Work instructions:
Would you transcribe each entry exactly as it stands, omitting the pictures?

___ Input records

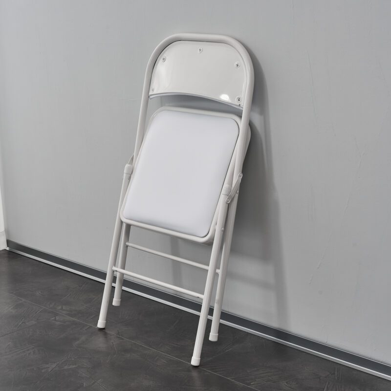 These elegant folding chairs feature a sturdy steel frame with PVC upholstery, ideal for conventions, exhibitions, dining rooms, and receptions. Sponge-filled cushions and backrests ensure comfort, while the cross-supporting structure enhances stability. Foldable design allows compact storage and easy transport. Plastic tube sleeves protect floors from scratches.
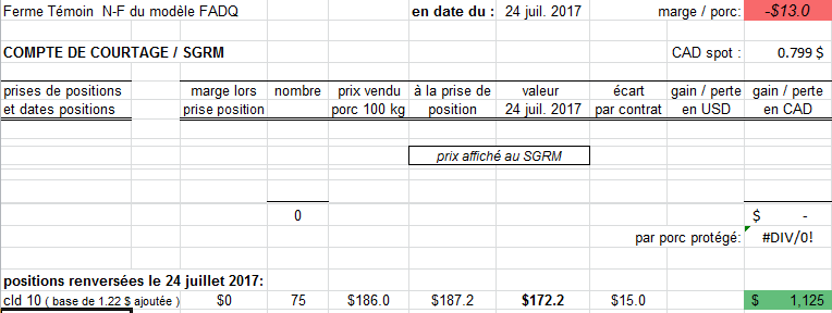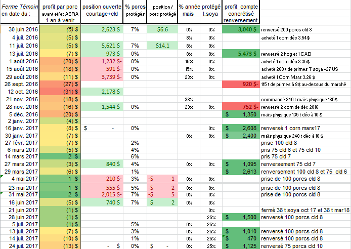 La marge est présentement de -13$ par porc de 100 kg pour 1 an, les hog baissent ce matin, la ferme Témoin de 306 truies produisant 5672 porcs par an va renverser ce qui lui reste de cld, soit le cld 10 ( octobre ), avec 15 $ de profit brut réalisé selon sa charte de renversement ( ordre donné de renverser au SGRM à 15$ de gain ). Présentement, les prix sont mêmes 2$ plus bas sur ce cld ! La ferme Témoin ne possède plus de positions de porc, n'a que du tourteau de soya booké ( 25% de son volume, une flob à 471 $ livré octobre 2017 et une à 474 $ mars 2018 ).
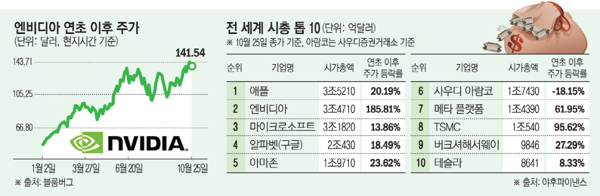 엔비디아 주가는 전날 뉴욕증시에서 장중 한때 2%대로 급등했다. 이에 시총이 3조5300억 달러로 불어나면서 애플(3조5200억 달러)을 제치고 세계 1위에 올랐다.
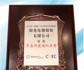本年度"光能"杯光伏行業(yè)獎(jiǎng)評(píng)活動(dòng)吸引了中國(guó)光伏領(lǐng)域上百家重量級(jí)企業(yè)的積極參與,以樹立行業(yè)標(biāo)桿并推動(dòng)整個(gè)行業(yè)健康理性發(fā)展為目標(biāo)!把邪l(fā)團(tuán)隊(duì)“獎(jiǎng)旨在表彰多年來能夠持之以恒專注光伏研發(fā)創(chuàng)新、引領(lǐng)技術(shù)潮流、不斷推出行業(yè)標(biāo)桿產(chǎn)品的企業(yè)。陽光電源憑借全線光伏逆變器99%效率的技術(shù)優(yōu)勢(shì)及對(duì)產(chǎn)業(yè)化的發(fā)展貢獻(xiàn),榮獲“最佳研發(fā)團(tuán)隊(duì)”。
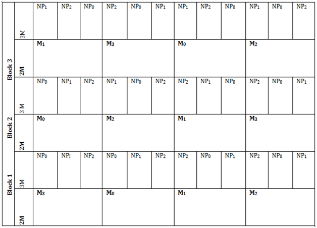 The experimental design was a split plot factorial arrangement of treatments embedded in a randomized complete block design (RCBD) with three replications. The factors studied included: (1) organic fertilizer in the form of cattle manure at the rates of 0 (M0), 2.5 (M1), 5 (M2) and 7.5 (M3)tha-1, as the main plots and (2) inorganic fertilizer in the form of DAP (at planting) and CAN (as a top dress) at the rates of 0 (NP0), 50 (NP1) and 100 (NP2) kgN/ P2O5 ha-1) as the sub plot (Figure 1). DAP and CAN are common inorganic fertilizers used during planting and top dressing, respectively. Nitrogen was applied in two equal splits as calcium ammonium nitrate (CAN, 26% N) while phosphorus was applied as diamonium phosphate (DAP, 46% P2O5). Phosphorus was applied at planting, by placing the fertilizer in the planting holes and thoroughly mixing with top soil. Similarly, manure was applied at planting in the planting holes. Manure tested had nutrient content of 17.3gkg-1N, 52mgkg-1P, 0.21mgkg-1K and a pH of 5.2. The first application of CAN was done four weeks after planting, and a second one, three weeks later.
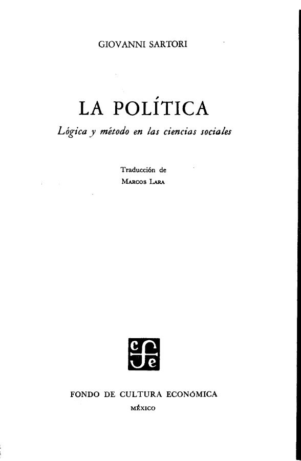 “La política: lógica y método en las ciencias sociales” es una obra del politólogo italiano Giovanni Sartori. En este libro, Sartori examina el estatus científico de las ciencias sociales, su metodología y la capacidad de formular hipótesis demostrables y aplicables. Además, explora la relación entre la ciencia y la política a lo largo de la historia, desde la antigüedad hasta la sociedad posindustrial, destacando la importancia del análisis comparado en la ciencia política contemporánea.
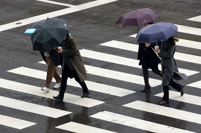 우산을 쓴 채 횡단보도를 건너는 시민들. 연합뉴스 |

______

Result for this exercise:
 These elegant folding chairs feature a sturdy steel frame with PVC upholstery, ideal for conventions, exhibitions, dining rooms, and receptions. Sponge-filled cushions and backrests ensure comfort, while the cross-supporting structure enhances stability. Foldable design allows compact storage and easy transport. Plastic tube sleeves protect floors from scratches.
 La marge est présentement de -13$ par porc de 100 kg pour 1 an, les hog baissent ce matin, la ferme Témoin de 306 truies produisant 5672 porcs par an va renverser ce qui lui reste de cld, soit le cld 10 ( octobre ), avec 15 $ de profit brut réalisé selon sa charte de renversement ( ordre donné de renverser au SGRM à 15$ de gain ). Présentement, les prix sont mêmes 2$ plus bas sur ce cld ! La ferme Témoin ne possède plus de positions de porc, n'a que du tourteau de soya booké ( 25% de son volume, une flob à 471 $ livré octobre 2017 et une à 474 $ mars 2018 ).
 엔비디아 주가는 전날 뉴욕증시에서 장중 한때 2%대로 급등했다. 이에 시총이 3조5300억 달러로 불어나면서 애플(3조5200억 달러)을 제치고 세계 1위에 올랐다.
本年度"光能"杯光伏行業(yè)獎(jiǎng)評(píng)活動(dòng)吸引了中國(guó)光伏領(lǐng)域上百家重量級(jí)企業(yè)的積極參與,以樹立行業(yè)標(biāo)桿并推動(dòng)整個(gè)行業(yè)健康理性發(fā)展為目標(biāo)!把邪l(fā)團(tuán)隊(duì)“獎(jiǎng)旨在表彰多年來能夠持之以恒專注光伏研發(fā)創(chuàng)新、引領(lǐng)技術(shù)潮流、不斷推出行業(yè)標(biāo)桿產(chǎn)品的企業(yè)。陽光電源憑借全線光伏逆變器99%效率的技術(shù)優(yōu)勢(shì)及對(duì)產(chǎn)業(yè)化的發(fā)展貢獻(xiàn),榮獲“最佳研發(fā)團(tuán)隊(duì)”。
 The experimental design was a split plot factorial arrangement of treatments embedded in a randomized complete block design (RCBD) with three replications. The factors studied included: (1) organic fertilizer in the form of cattle manure at the rates of 0 (M0), 2.5 (M1), 5 (M2) and 7.5 (M3)tha-1, as the main plots and (2) inorganic fertilizer in the form of DAP (at planting) and CAN (as a top dress) at the rates of 0 (NP0), 50 (NP1) and 100 (NP2) kgN/ P2O5 ha-1) as the sub plot (Figure 1). DAP and CAN are common inorganic fertilizers used during planting and top dressing, respectively. Nitrogen was applied in two equal splits as calcium ammonium nitrate (CAN, 26% N) while phosphorus was applied as diamonium phosphate (DAP, 46% P2O5). Phosphorus was applied at planting, by placing the fertilizer in the planting holes and thoroughly mixing with top soil. Similarly, manure was applied at planting in the planting holes. Manure tested had nutrient content of 17.3gkg-1N, 52mgkg-1P, 0.21mgkg-1K and a pH of 5.2. The first application of CAN was done four weeks after planting, and a second one, three weeks later.
 “La política: lógica y método en las ciencias sociales” es una obra del politólogo italiano Giovanni Sartori. En este libro, Sartori examina el estatus científico de las ciencias sociales, su metodología y la capacidad de formular hipótesis demostrables y aplicables. Además, explora la relación entre la ciencia y la política a lo largo de la historia, desde la antigüedad hasta la sociedad posindustrial, destacando la importancia del análisis comparado en la ciencia política contemporánea.
 우산을 쓴 채 횡단보도를 건너는 시민들. 연합뉴스 |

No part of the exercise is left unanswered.